Implement the online distillation mechanism:

class HybridDistillationLoss(nn.Module):
    """
    Combine token-level and distribution-level distillation.

    Token-level loss guides direct-mapped tokens; distribution loss
    guides sequences found via n-gram cache. Enables effective online learning.
    """

    def __init__(self):
        super().__init__()
        self.kl_loss = nn.KLDivLoss(reduction='batchmean')
        self.nll_loss = nn.NLLLoss()

    def forward(self, draft_logits: torch.Tensor,
                target_logits: torch.Tensor,
                direct_mapped_mask: torch.Tensor,
                ngram_mapped_mask: torch.Tensor,
                temperature: float = 3.0) -> torch.Tensor:
        """
        Compute hybrid loss for online distillation.

        Args:
            draft_logits: logits from draft model
            target_logits: logits from target model
            direct_mapped_mask: which tokens have direct vocabulary mappings
            ngram_mapped_mask: which tokens have n-gram cache mappings
            temperature: for soft targets

        Returns:
            loss: weighted combination of KL and NLL losses
        """
        # Normalize logits with temperature
        draft_log_probs = torch.log_softmax(draft_logits / temperature, dim=-1)
        target_probs = torch.softmax(target_logits / temperature, dim=-1)

        # KL loss for directly mapped tokens
        kl_loss = self.kl_loss(draft_log_probs * direct_mapped_mask.unsqueeze(-1),
                                target_probs * direct_mapped_mask.unsqueeze(-1))

        # NLL loss for n-gram mapped tokens
        target_tokens = torch.argmax(target_logits, dim=-1)
        nll_loss = self.nll_loss(
            draft_log_probs[ngram_mapped_mask],
            target_tokens[ngram_mapped_mask]
        )

        # Weighted combination
        total_loss = 0.7 * kl_loss + 0.3 * nll_loss
        return total_loss

Implement the adaptive draft model with online learning:

class AdaptiveDraftModel(nn.Module):
    """
    Draft model that learns online from user data.

    Updates parameters during inference based on target model outputs,
    improving specialization to user distribution without explicit retraining.
    """

    def __init__(self, model_name: str = "meta-llama/Llama-2-7b",
                 draft_model_name: str = "gpt2-medium",
                 learning_rate: float = 2e-5):
        super().__init__()

        # Load draft model
        from transformers import AutoTokenizer, AutoModelForCausalLM
        self.tokenizer = AutoTokenizer.from_pretrained(draft_model_name)
        self.draft_model = AutoModelForCausalLM.from_pretrained(draft_model_name)

        # Online learning optimizer (LoRA for efficiency)
        self.lora_optimizer = torch.optim.Adam(
            self.draft_model.parameters(), lr=learning_rate
        )

        # Vocabulary adapter
        self.vocab_adapter = VocabularyAdapter(
            self.tokenizer.vocab_size,
            32000,  # Typical target vocab size
        )

        # Distillation loss
        self.distillation_loss = HybridDistillationLoss()

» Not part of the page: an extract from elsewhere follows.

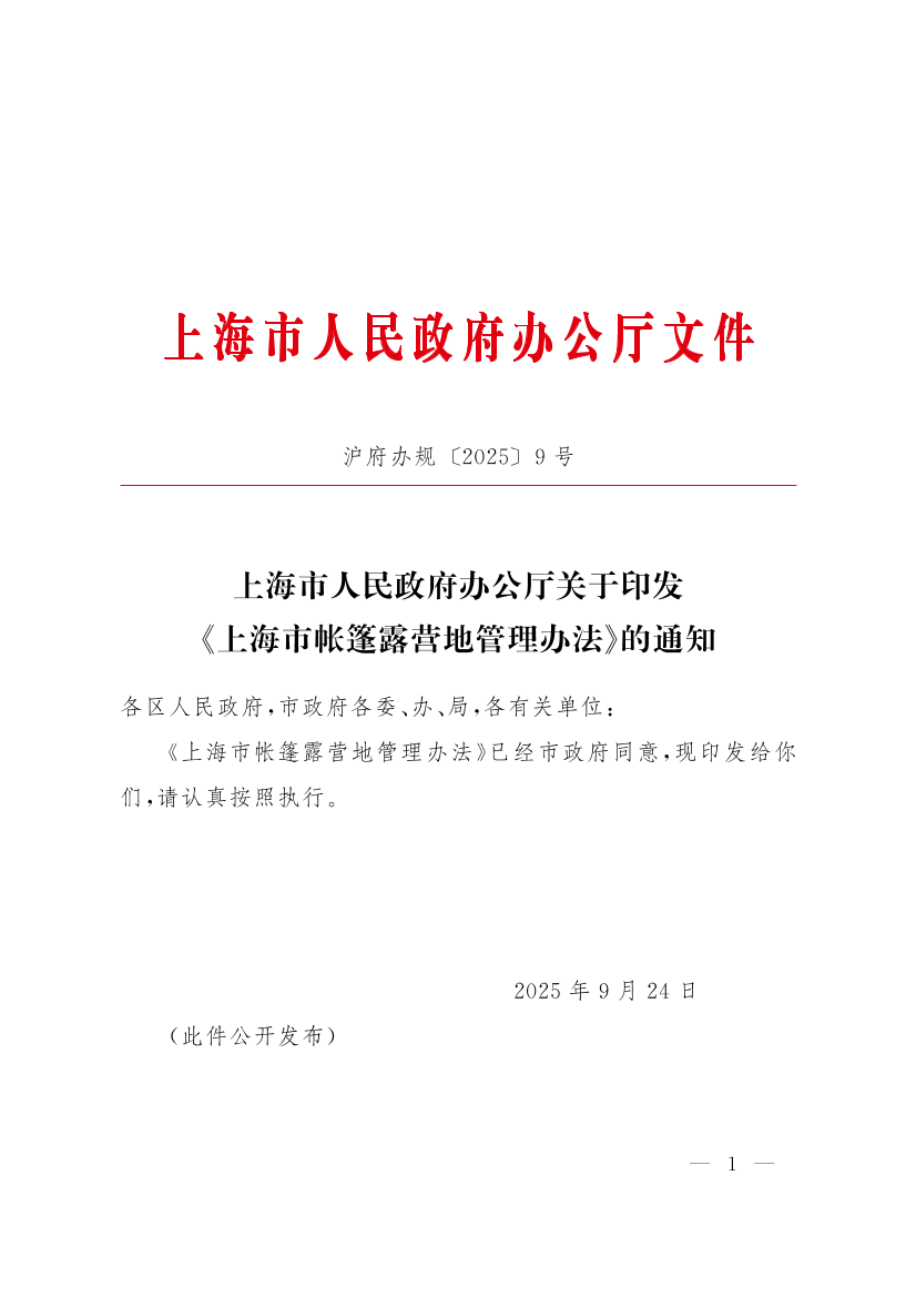 上海市人民政府办公厅关于印发《上海市帐篷露营地管理办法》的通知

        # Acceptance predictor head
        self.acceptance_head = nn.Sequential(
            nn.Linear(768, 256),
            nn.ReLU(),
            nn.Linear(256, 1),
            nn.Sigmoid()
        )

    def generate_candidates(self, input_ids: torch.Tensor,
                           num_candidates: int = 5) -> torch.Tensor:
        """
        Generate candidate tokens using draft model.

        Returns multiple tokens for parallel verification by target model.
        """
        outputs = self.draft_model(input_ids)
        logits = outputs.logits[:, -1, :]

        # Sample top-k candidates
        top_k = min(num_candidates, logits.shape[-1])
        _, top_indices = torch.topk(logits, k=top_k, dim=-1)

        return top_indices

    def online_update(self, input_ids: torch.Tensor,
                     target_logits: torch.Tensor,
                     target_tokens: torch.Tensor):
        """
        Update draft model based on target model outputs.

        Lightweight online learning: single gradient step on recent data.
        """
        # Get draft model predictions
        draft_outputs = self.draft_model(input_ids)
        draft_logits = draft_outputs.logits

        # Compute distillation loss
        loss = self.distillation_loss(
            draft_logits,
            target_logits,
            direct_mapped_mask=torch.ones_like(draft_logits[:, :, 0], dtype=torch.bool),
            ngram_mapped_mask=torch.zeros_like(draft_logits[:, :, 0], dtype=torch.bool)
        )

        # Single gradient step
        self.lora_optimizer.zero_grad()
        loss.backward()
        torch.nn.utils.clip_grad_norm_(self.draft_model.parameters(), 1.0)
        self.lora_optimizer.step()

        return loss.item()

    def predict_acceptance_rate(self, draft_features: torch.Tensor) -> torch.Tensor:
        """
        Predict probability that draft tokens will be accepted.

        Enables adaptive proposal length: lower acceptance rate = shorter proposals.
        """
        return self.acceptance_head(draft_features)

Implement the full speculative decoding pipeline:

class OmniDraftDecoder:
    """
    Full on-device speculative decoding with online adaptation.

    Generates tokens using draft model, verifies with target model,
    and adapts draft model to user data in real-time.
    """

    def __init__(self, target_model_name: str = "meta-llama/Llama-2-7b-chat",
                 draft_model_name: str = "gpt2-medium"):
        from transformers import AutoTokenizer, AutoModelForCausalLM

        # Load target model
        self.target_tokenizer = AutoTokenizer.from_pretrained(target_model_name)
        self.target_model = AutoModelForCausalLM.from_pretrained(target_model_name)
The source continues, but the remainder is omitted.